If a lack of humidity or over-exfoliating has left your skin compromised, a treatment oil can be a great way to replenish and repair your skin. Avocado oil is high in antioxidants and has been cited as an excellent source of moisture for dry, damaged, or chapped skin.

Research conducted on the effect of topical administration of avocado fruit extract on rats revealed faster healing, an increase in collagen synthesis and a decrease in the numbers of inflammatory cells during the wound healing process.

I also recommend applying an oil containing deeply hydrating coconut oil in the evening so that it can work whilst your skin rests. Coconut oil is a great budget-saving ingredient, with research finding that thanks to its high polyphenol and fatty acid content, cultured coconut extract has potent anti-inflammatory properties, which can assist the skin in addressing UVB irradiation induced inflammation.

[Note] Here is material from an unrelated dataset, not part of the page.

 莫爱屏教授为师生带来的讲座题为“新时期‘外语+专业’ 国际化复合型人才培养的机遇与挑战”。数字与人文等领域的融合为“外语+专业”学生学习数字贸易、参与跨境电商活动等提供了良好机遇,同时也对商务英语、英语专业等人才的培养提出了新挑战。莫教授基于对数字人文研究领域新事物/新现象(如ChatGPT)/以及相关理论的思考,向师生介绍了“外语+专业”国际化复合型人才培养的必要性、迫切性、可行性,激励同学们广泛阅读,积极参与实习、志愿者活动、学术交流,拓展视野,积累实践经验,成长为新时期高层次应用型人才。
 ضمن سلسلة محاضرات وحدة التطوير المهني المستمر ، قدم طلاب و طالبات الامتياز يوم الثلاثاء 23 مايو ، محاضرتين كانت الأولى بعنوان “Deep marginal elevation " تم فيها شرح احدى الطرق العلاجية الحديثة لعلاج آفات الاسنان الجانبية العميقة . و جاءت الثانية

Coconut oil has many at-home uses including body moisturisation, as a hot oil within hair masks, to restore chapped hands and feet and is suitable for use during pregnancy.

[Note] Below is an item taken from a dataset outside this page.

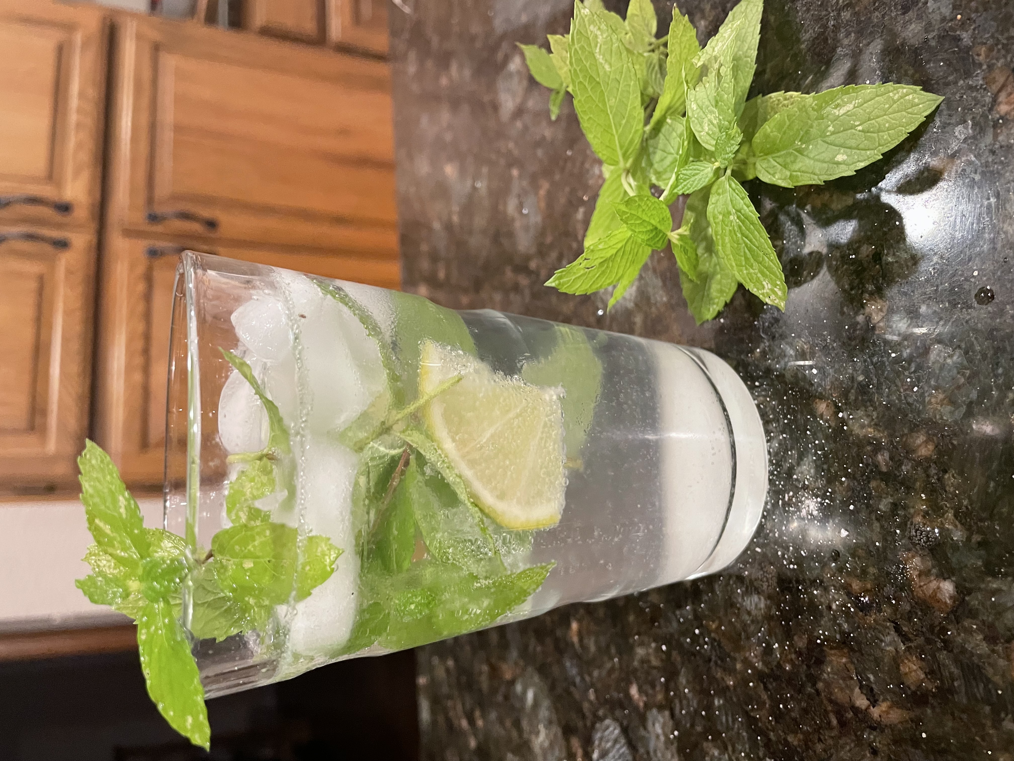 La combinazione lime/rhum/menta per me e' fantastica. Non vado pazza per i super alcolici ma tra tutti il rhum e' quello che preferisco. Il mojito originale pesta il lime con la menta e lo zucchero ma io personalmente preferisco usare il succo di lime perche' non mi piace bere e sentire i pezzi di polpa di lime.

Alternatively, an oil containing skin-soothing lavender can also pacify an unsettled complexion overnight.

Nerdie Knowledge

Probiotics are naturally occurring microorganisms that live within and on the body. Whilst sun damage, diet and overuse of irritating skin products can throw the skin’s microbiome out of balance, probiotics such as Lactobacillus and Bifidobacterium can help the skin protect itself by creating an equilibrium that allows good bacteria to thrive and maximise skin health. Stabilising the microbiome helps to strengthen skin against environmental aggressors, improve signs of dryness, relieve discomfort and tightness, calm inflammation and restore a healthy pH balance to the skin’s surface. A probiotic and prebiotic regime can be particularly beneficial in adding balance for a person who also likes to include exfoliating acids and retinol products in the mix.